The reddit upvotes and comments are more a measure of popularity than quality. However the episode ratings and polls are likely to be a good measure. Most people will rate episodes they enjoy highly, and will rate low the episodes they don't like. Some people will rate all episodes highly, and some will rate all lowly, that is just the nature of the internet.

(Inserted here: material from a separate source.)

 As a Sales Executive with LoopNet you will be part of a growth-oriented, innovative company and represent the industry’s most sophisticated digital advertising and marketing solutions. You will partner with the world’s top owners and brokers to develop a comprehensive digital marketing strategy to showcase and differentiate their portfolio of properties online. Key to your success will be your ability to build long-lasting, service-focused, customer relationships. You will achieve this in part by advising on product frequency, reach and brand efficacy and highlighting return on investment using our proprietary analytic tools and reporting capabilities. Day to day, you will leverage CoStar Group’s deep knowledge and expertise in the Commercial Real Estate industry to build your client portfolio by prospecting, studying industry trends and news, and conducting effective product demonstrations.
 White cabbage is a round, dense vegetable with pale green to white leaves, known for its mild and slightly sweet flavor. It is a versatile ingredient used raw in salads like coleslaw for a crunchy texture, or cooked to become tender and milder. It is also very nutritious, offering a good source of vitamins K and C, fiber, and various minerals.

In terms of audience, these measures are obviously pretty specific. They are limited to the type of people that participate in these sites, which is a very different audience to the total population that have watched DBZ. Ideally, if one wanted to get a measure of the 'best' DBZ episode with the widest possible sample population, one would include statistics such as TV viewership and media sales. But to keep this project manageable I'll restrict to just the listed data sources. As such, this data will only be representative of the interactive, online, English audience.

---

# Hypotheses
Based off my own internal biases and preconceptions, I reckon we'll get the following:
- Top rated episode is either during Gohan's fight with Perfect Cell, or during the Goku vs Vegeta fight in the Saiyan saga.
- Top episode in each arc is during the final fight, with the exception of the Frieza saga where it's the episode when Goku achieves super saiyan.
- Lowest rated episode will be a filler episode, maybe in the Garlic Jr arc.


# MyAnimeList (MAL)
MAL has an unofficial API, [Jikan](jikan.moe), that we can use to get data from MAL. First, we can get the episode titles and other info, then hopefully we can use it to get the voting data from the forums.

The entry for DBZ is [here](https://myanimelist.net/anime/813/Dragon_Ball_Z). All anime in MAL have a corresponding ID, and from the URL we see that the ID for DBZ is 813.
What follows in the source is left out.